Segment Start: Supplied records

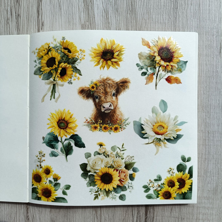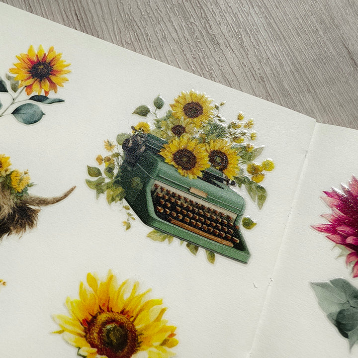 Bring the warmth of the countryside to your crafts with these Sunflower Farm Matte Transfer Stickers — featuring golden sunflowers, the beloved Highland cow, gentle bunnies, and cozy farmhouse details.
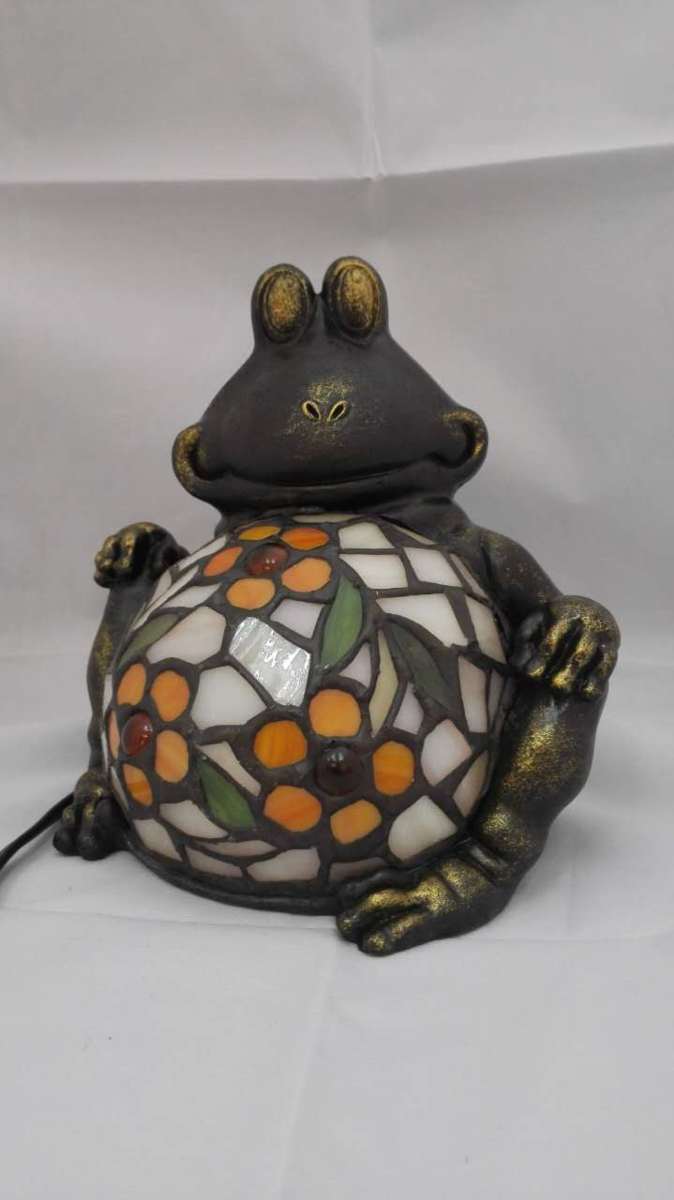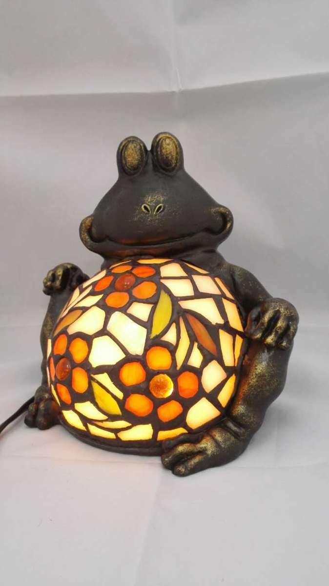 【ティファニー調ステンドグラスランプ】カエルモチーフ 卓上 照明 インテリア お部屋をお洒落に【大人気・美品】
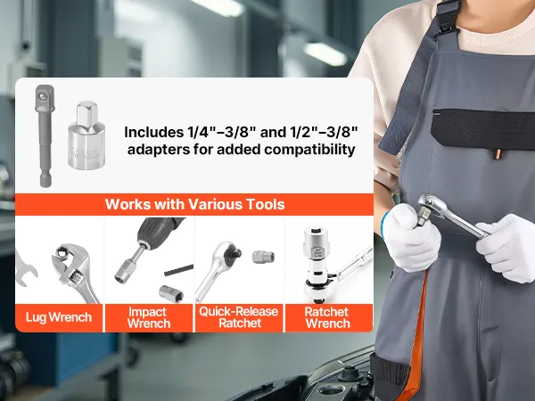This nut extractor socket set is designed to integrate seamlessly with standard workshop tools for flexible and efficient use.
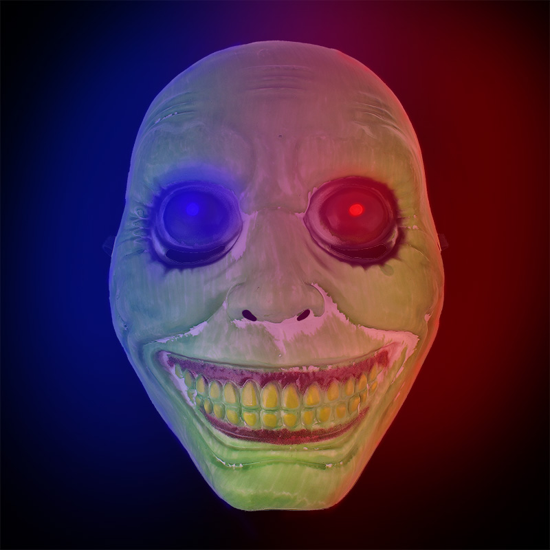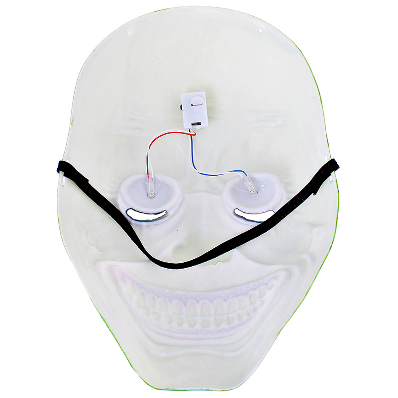 Mască înfricoșătoare sub forma unui monstru verde ca accesoriu ideal pentru carnaval, bal mascat, Halloween etc. În ochii măștii sunt lumini LED în culorile albastru și roșu. Sub ochii măștii se află găuri pentru ochi. Luminile LED sunt pornite cu ajutorul unui buton care se află în partea stângă a cutiei albe (în partea de sus a măștii), unde se află și bateriile. Între baterii este o bandă care trebuie îndepărtată - în caz contrar, luminile nu se vor aprinde. Butonul comută între trei moduri de iluminare: bliț, bliț lent și fără bliț. Bateriile sunt incluse și sunt deja în cutia lanternei.
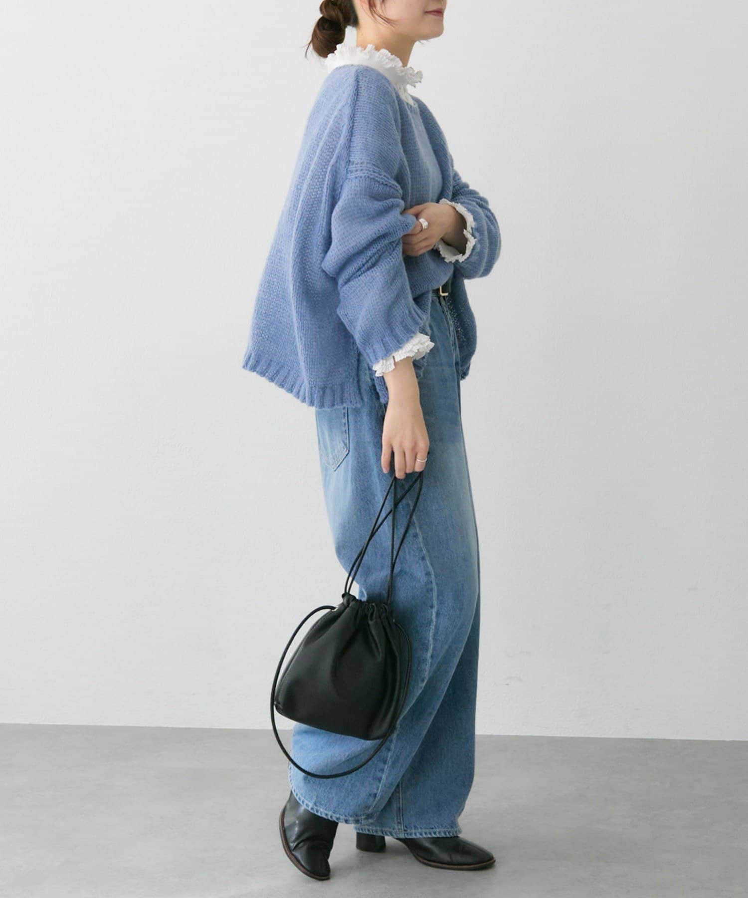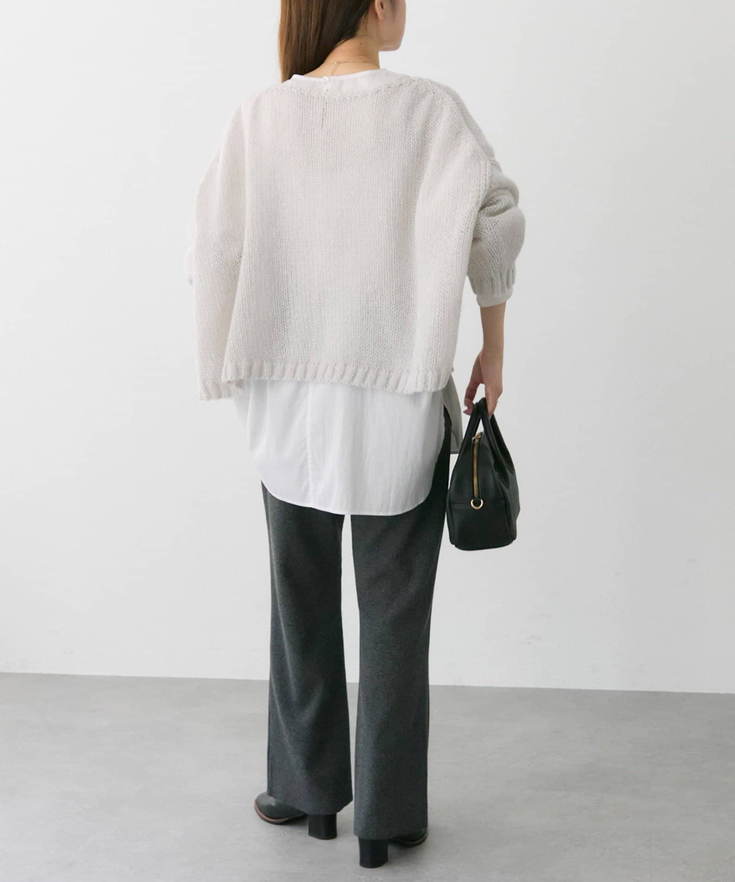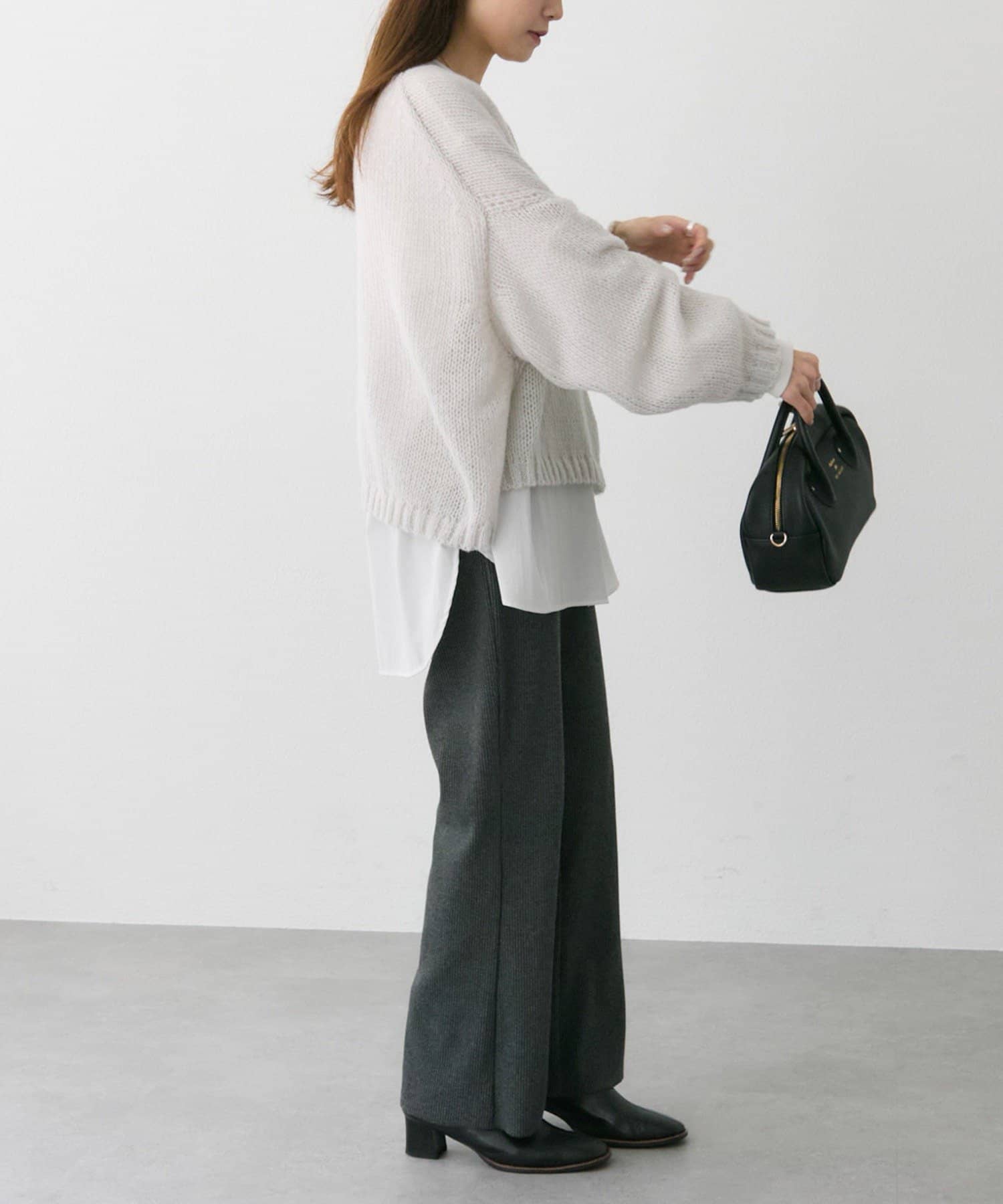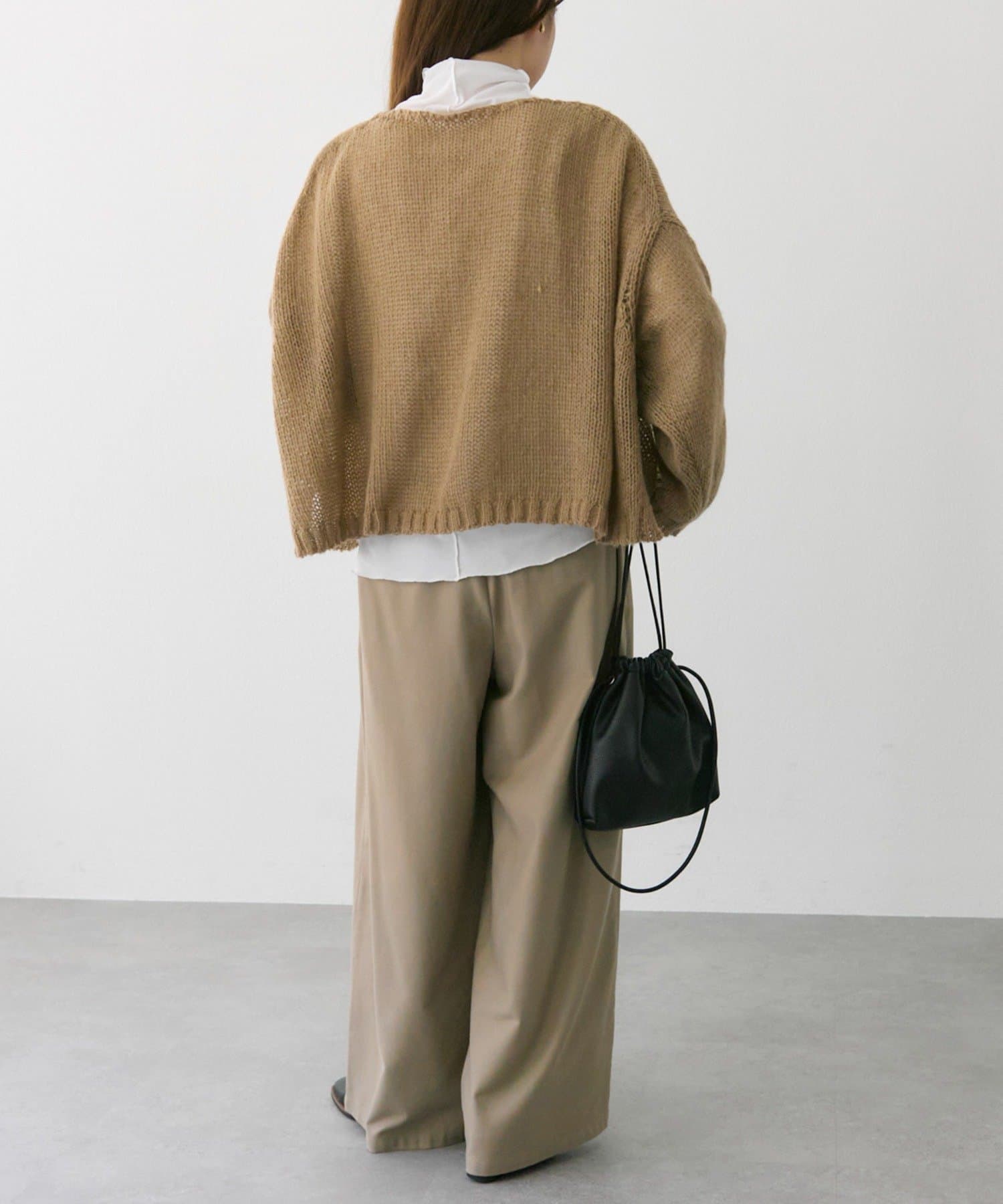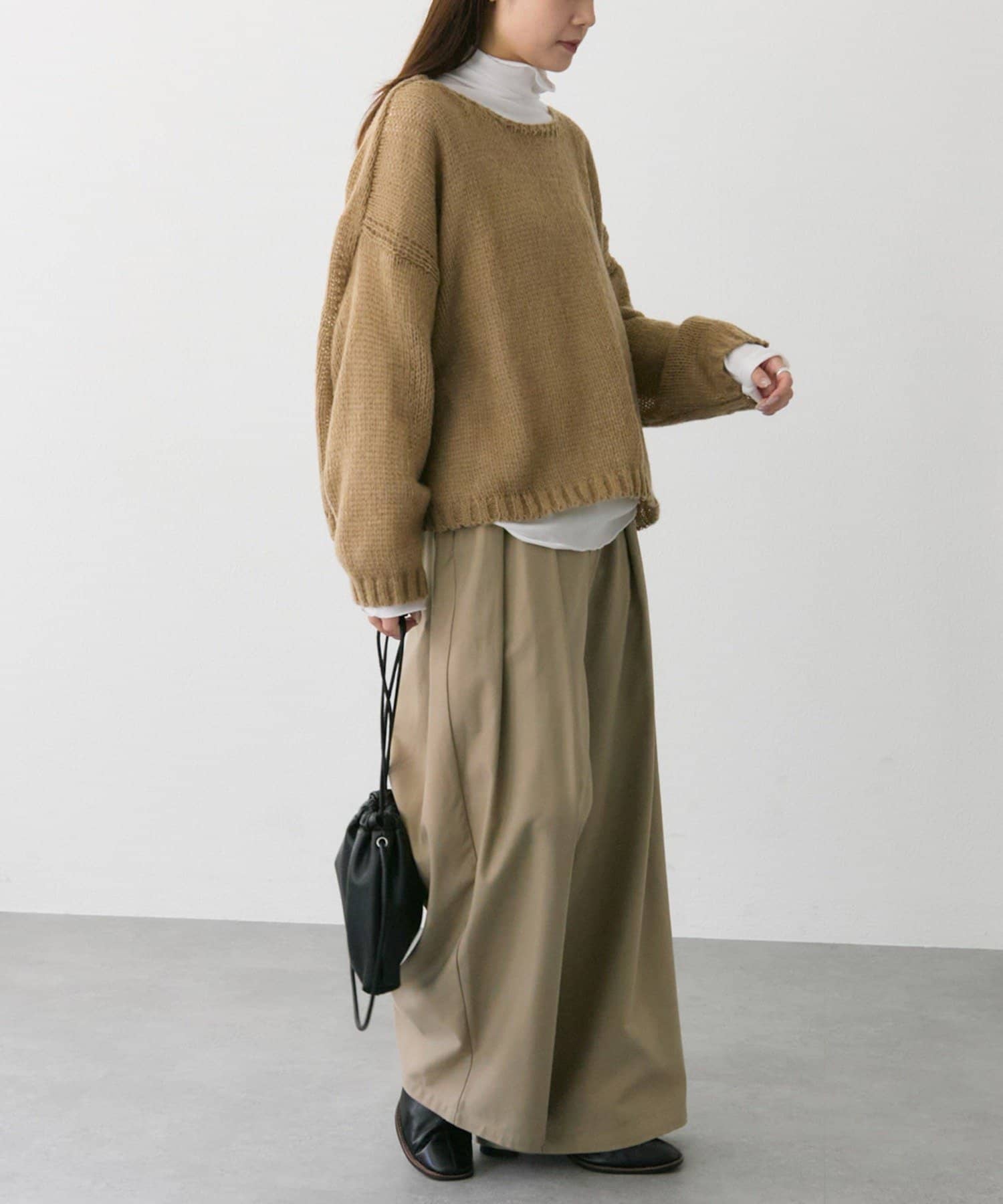着丈を短く設定することで、ゆったりフォルムのニットもスッキリと着こなしていただけます。
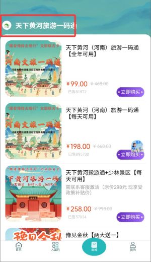天下黄河是一款专注于旅游年卡销售的购物软件,购买年卡后就可以通行众多签约景区,有效节省了现场排队购票的时间。为使用者提供各地景点的图文介绍、推荐服务,方便使用者规划行程。年卡定价合理,非常有性价比。内部设有特色商品专区,支持用年卡下单结算。假如你经常外出游玩,那就快来本站一个试试吧!
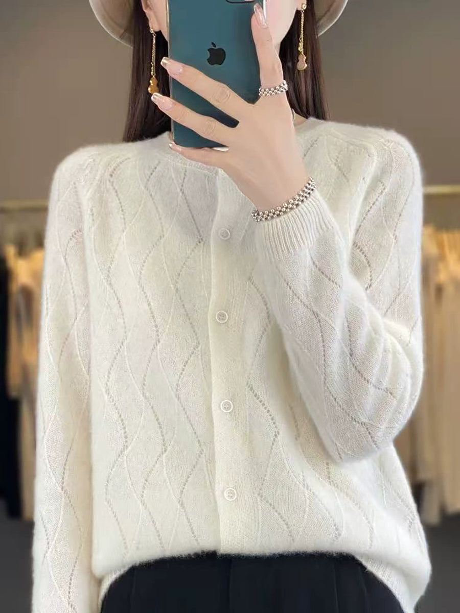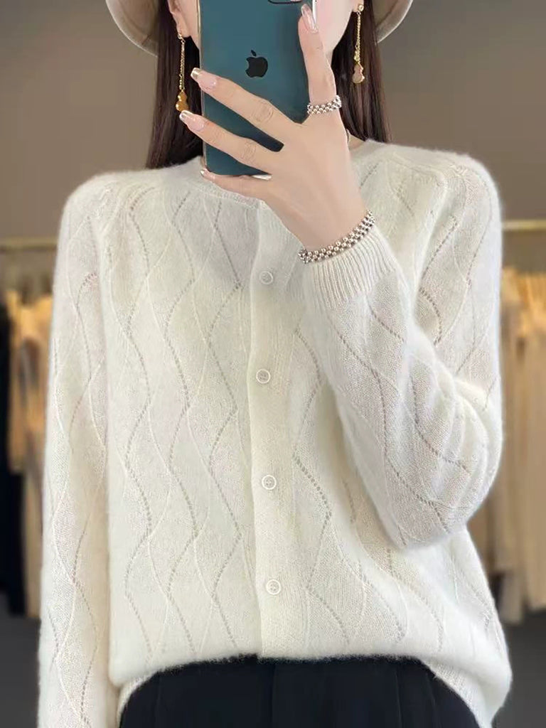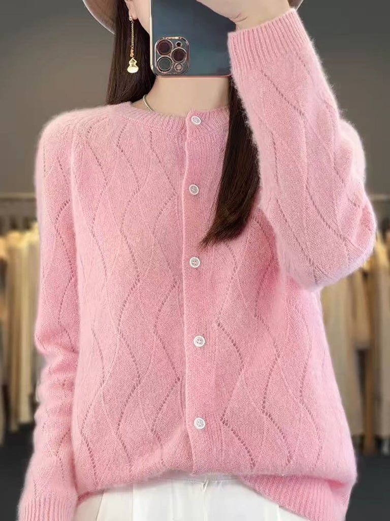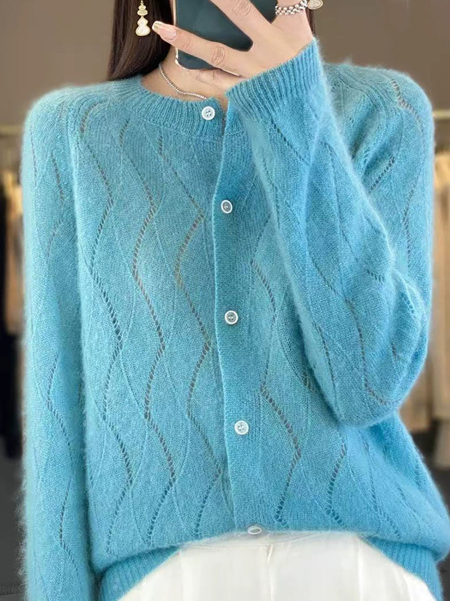 Damen Winter Strickjacke mit Rundhalsausschnitt, einfarbig

Segment End: Supplied records

Set down the records above word for word, from the first line through the line containing "This nut extractor", both included; leave out the pictures.

> [Answer for the task]:
 Bring the warmth of the countryside to your crafts with these Sunflower Farm Matte Transfer Stickers — featuring golden sunflowers, the beloved Highland cow, gentle bunnies, and cozy farmhouse details.
 【ティファニー調ステンドグラスランプ】カエルモチーフ 卓上 照明 インテリア お部屋をお洒落に【大人気・美品】
This nut extractor socket set is designed to integrate seamlessly with standard workshop tools for flexible and efficient use.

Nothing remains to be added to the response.